The universal, single-payer healthcare systems in each Canadian jurisdiction offer certain economies of scale and scope to the populace.  With everyone covered, there is no incentive to make claims against workers’ compensation just to ensure an injury gets necessary medical care.  A population where everyone has health insurance (universal coverage) is generally healthier than a population without such coverage, based on many health metrics (like life expectancy, infant mortality, etc.); a healthier population means fewer work-related injuries that do occur will carry with them to their workers’ compensation claims additional healthcare burdens.   Single-payer systems (that include or exclude workers’ compensation) offer efficiencies that lower costs, reduce duplication and provide rich data for further improvements to population health.   As in the Canadian example, the single-payer system can exclude workers’ compensation yet provide lower cost, higher efficiency benefits to the workers’ compensation system (shared systems, data, fee schedules, etc.).

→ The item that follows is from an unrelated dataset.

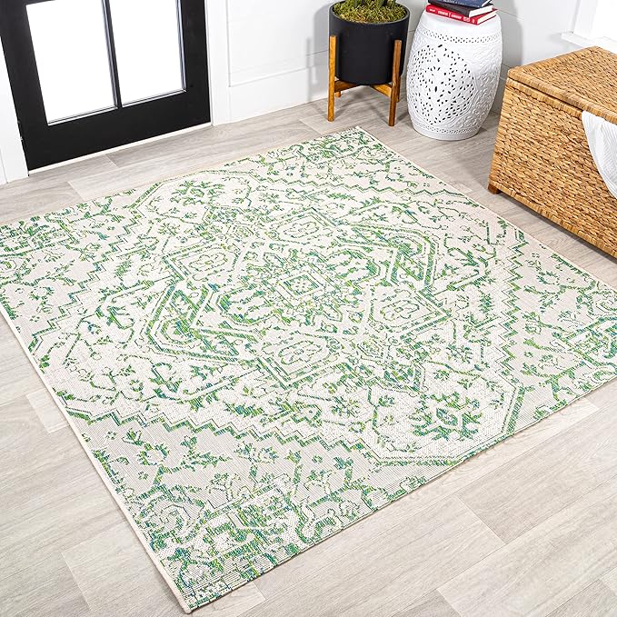 JONATHAN Y SMB105G-5SQ Estrella Bohemian Medallion Textured Weave Indoor Outdoor Area Rug, Coastal Traditional Transitional Easy Cleaning,Bedroom,Kitchen,Backyard,Patio, Green/Cream, 5' Square

Work-related injuries are almost entirely preventable.  In the ideal world, their contribution to national healthcare spending should be vanishingly small.  The world, however, is far from ideal.  Regardless of workers’ compensation model, the cost of work-related injury, illness and disease is significant.  Under private, competitive models and exclusive state fund or provincial workers’ compensation, those significant healthcare expenditures are a big part of the premium cost and provide further incentive toward prevention.  Keeping the healthcare cost of work-related injury, illness and disease a direct part of the workers’ compensation premium may hasten progress toward that ideal world.